Writually is all about cultivating a practice around the embodied experience of writing. From the start, we imagined that we would eventually have a marketplace where we would sell pens and journals and other tools of the trade. For our initial friends and family pilot, we decided to invest in sending everyone a writers’ care package complete with nice journals and pens.  


We spent a lot of time thinking about which pen and which journal! We turned to one of our inspirations for the Writually project, Cal Newport, for a recommendation. His top pick is the uniball™ ROLLER. As we’ve mentioned before, Cal is known for thinking and writing on the idea of “deep work” so it makes sense he’s serious about pens and the analog practice of writing on paper generally.

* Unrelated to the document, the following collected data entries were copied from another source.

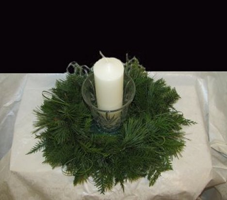 You can make a Christmas centerpiece fuller with the addition of pine. Again, strip the needles off the bottom so you can have a clean insertion into the florist foam.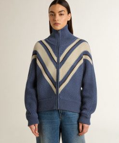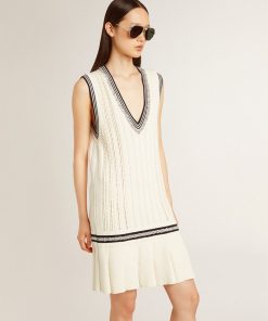 Golden Goose Vestito Gilet In Cotone Da Donna Di Colore Bianco Vissuto Con Costine Blu Scuro E Cristalli | Bianco Vissuto | Donna Men’s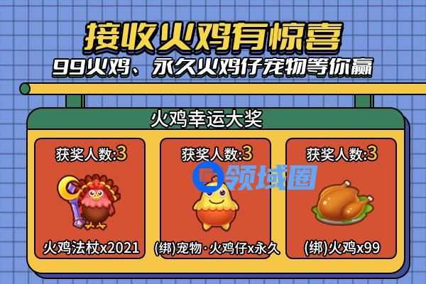 1、每位玩家最多可从“火鸡幸运大奖”中获得1次奖励;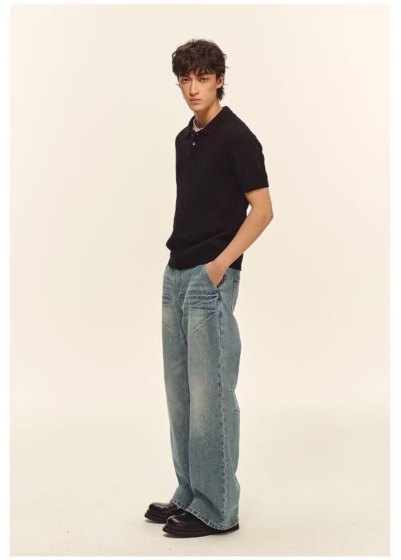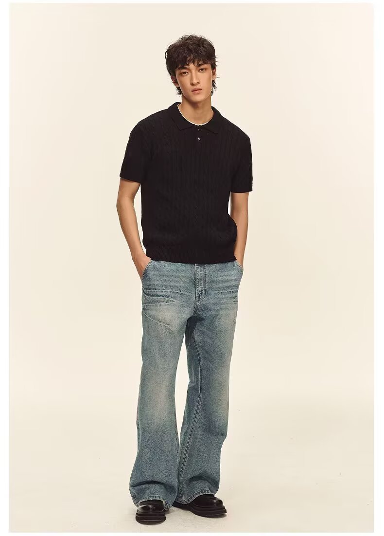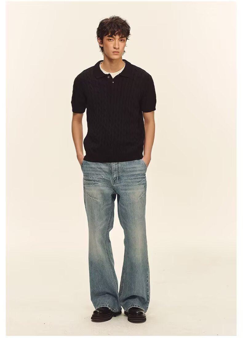 Men’s Casual Loose All-Match Summer Linen-Textured Knitted Polo Shirt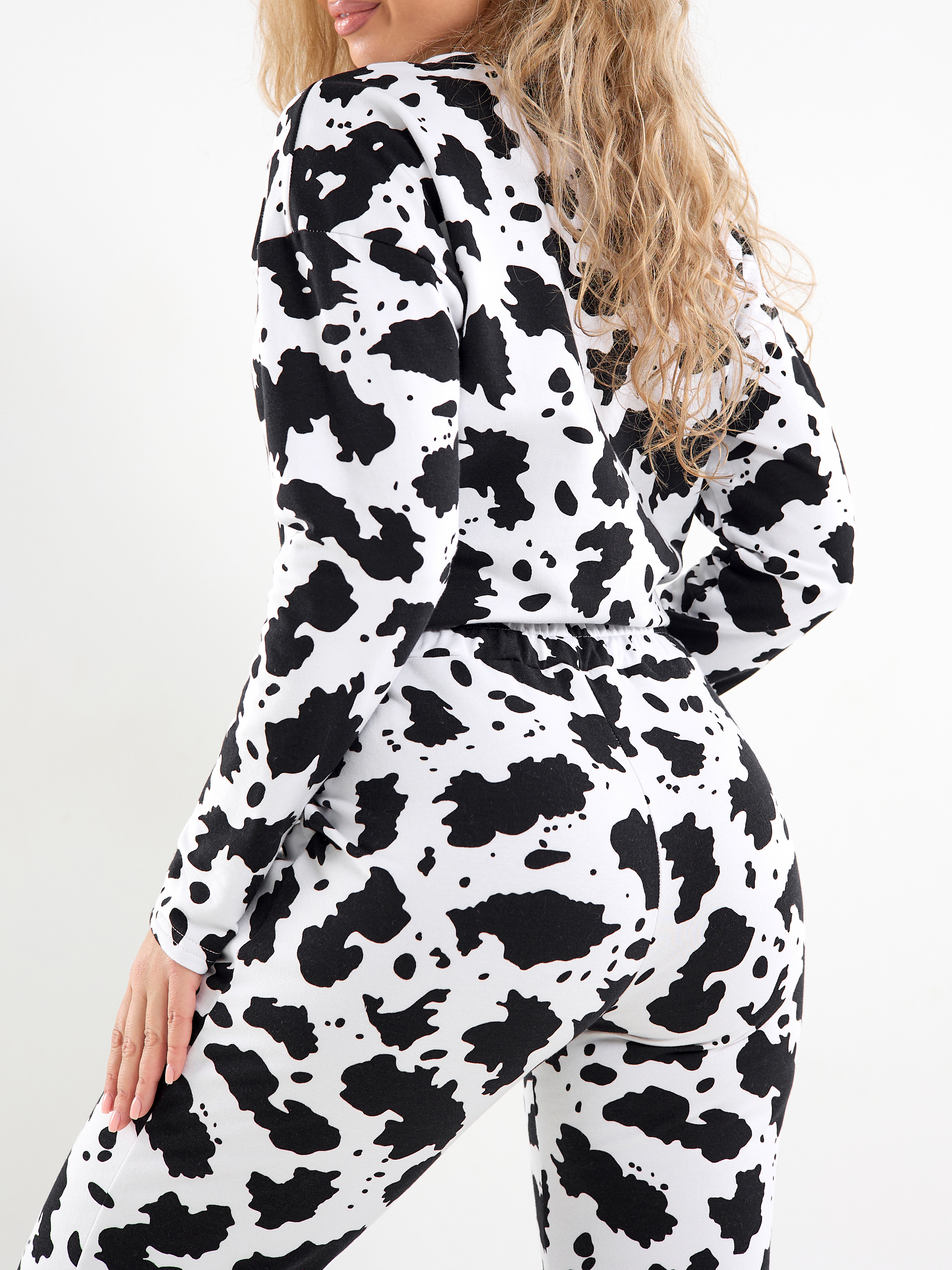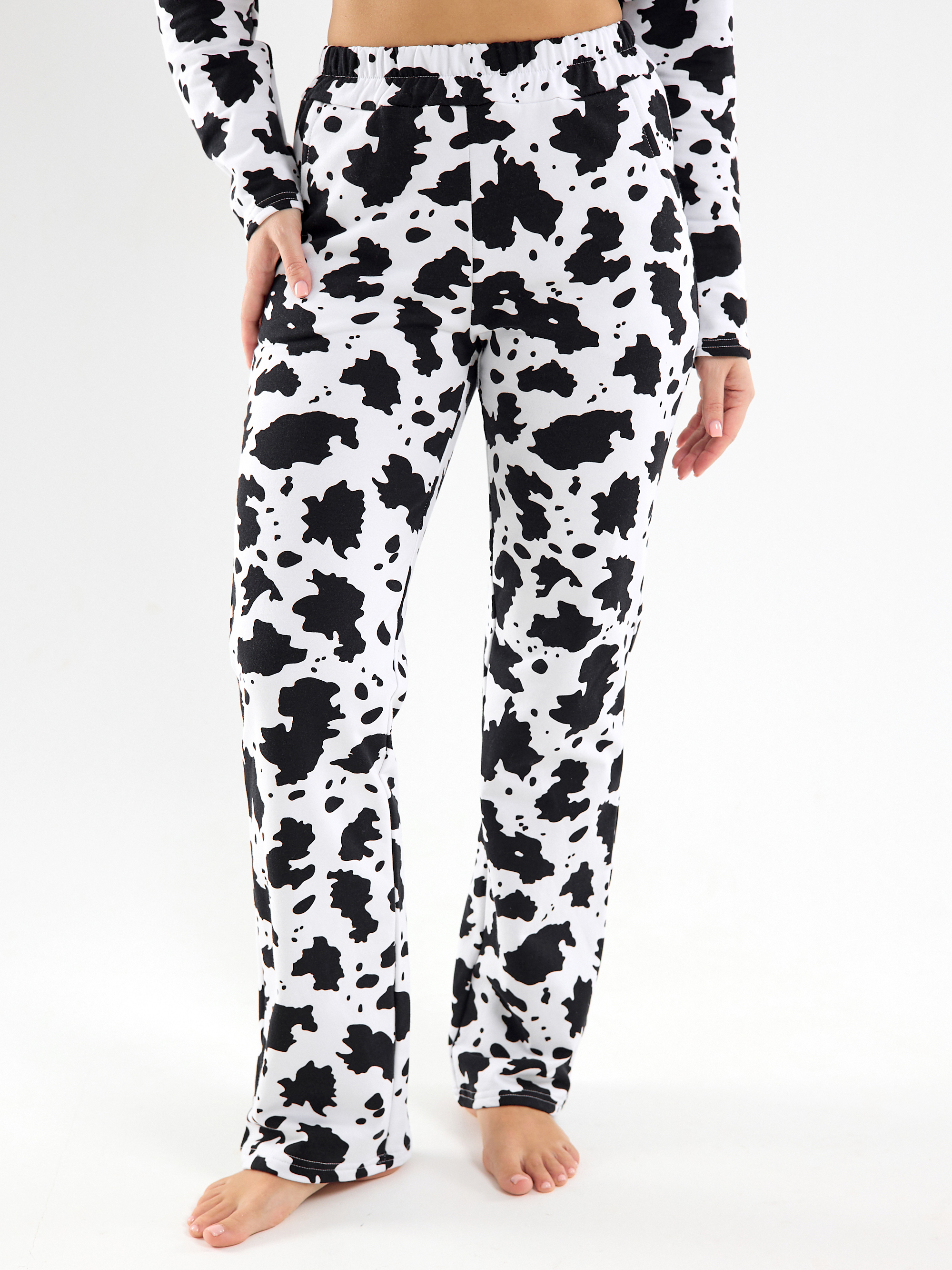 Представляем вам теплую женскую пижаму со штанами от Лето-Текс, которая станет вашим лучшим спутником в холодные осенние и зимние ночи. Утепленный и комфортный домашний комплект состоит из брюк с карманами и кофты с разрезами. Зимняя пижама выполнена из максимально мягкого и уютного материала футер двухнитка с начесом, который обеспечивает ощущение комфорта и невероятной мягкости на ощупь, позволят вам создать идеальные условия для спокойного сна и полноценного отдыха. Состав материала 95% хлопка и 5 % лайкры, мы специально добавили в состав немного лайкры, что бы после стирки пижама не подсаживалась и не вытягивалась в процессе ежедневной носки. Стильный и привлекательный дизайн пижамы с трендовым коровьим принтом позволит вам не только чувствовать себя комфортно, но и выглядеть прекрасно в любой ситуации.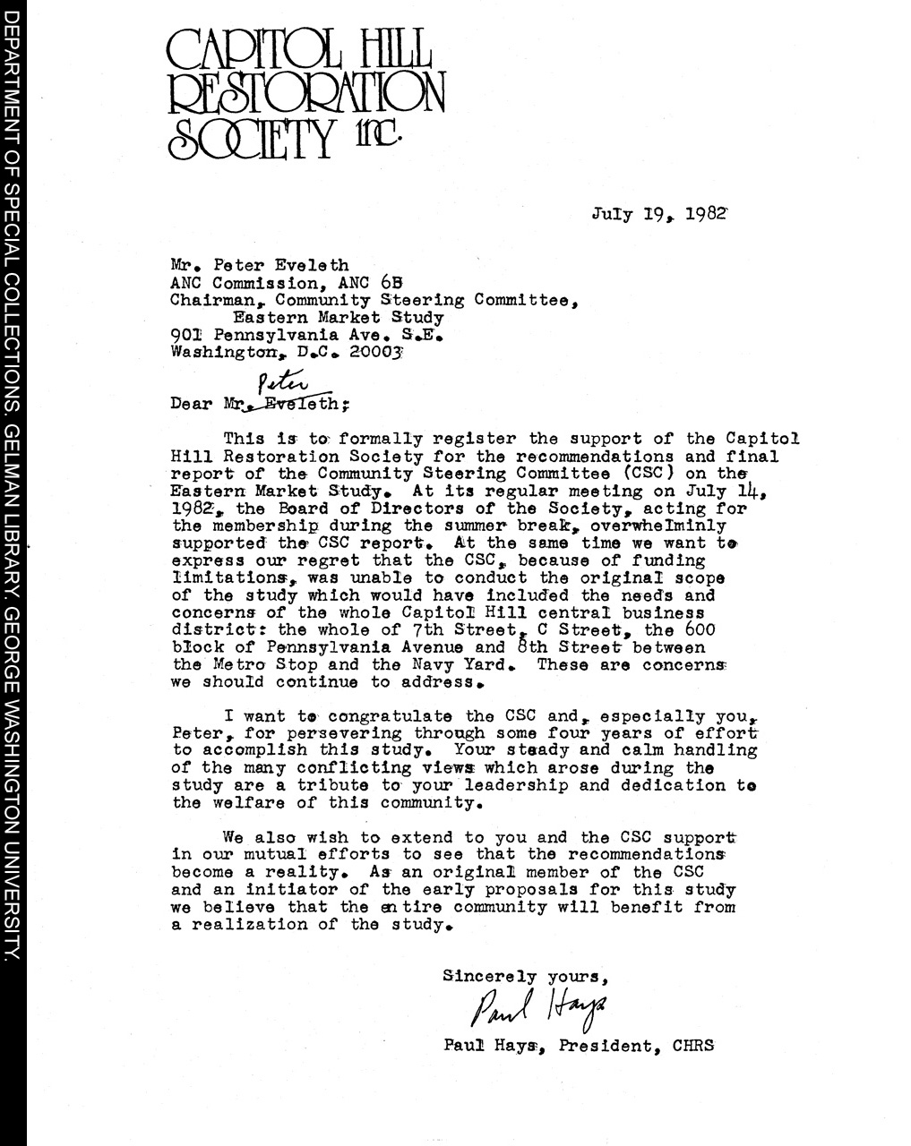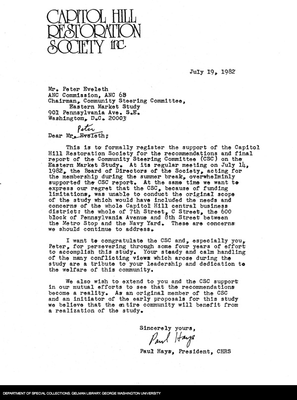 | Title: | Letter from the Capitol Hill Restoration Society |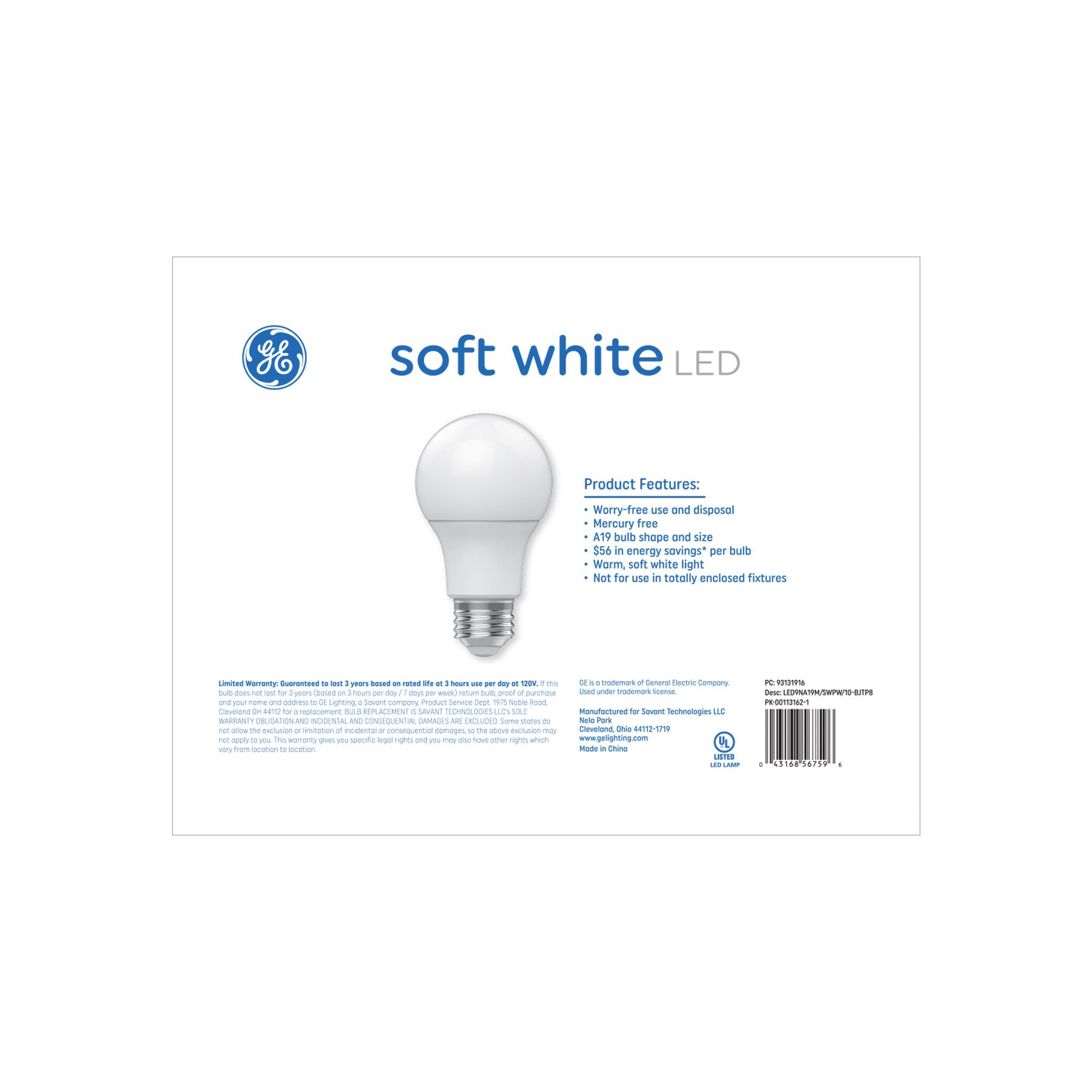 GE LED light bulbs offer outstanding energy efficiency, long-lasting performance and just-right brightness, all in one package. They illuminate your home with warm, soft white light. Unlike CFL bulbs, these LED bulbs feature instant full brightness and are free of Mercury. It’s great for frequently used fixtures — LED's long life and low energy use will help you save money on energy.

The uniball ROLLER will “Elevate your everyday writing experience”

There’s actually strong research around the importance of a good pen, or, more directly, the cognitive and emotional benefits of longhand writing. The evidence ranges from the famous “The Pen is Mightier Than the Keyboard” study on student notetaking and learning (learning improves with handwritten note-taking) to James Pennebaker’s scholarship on the therapeutic benefits of writing, as in his book Open Up By Writing It Down.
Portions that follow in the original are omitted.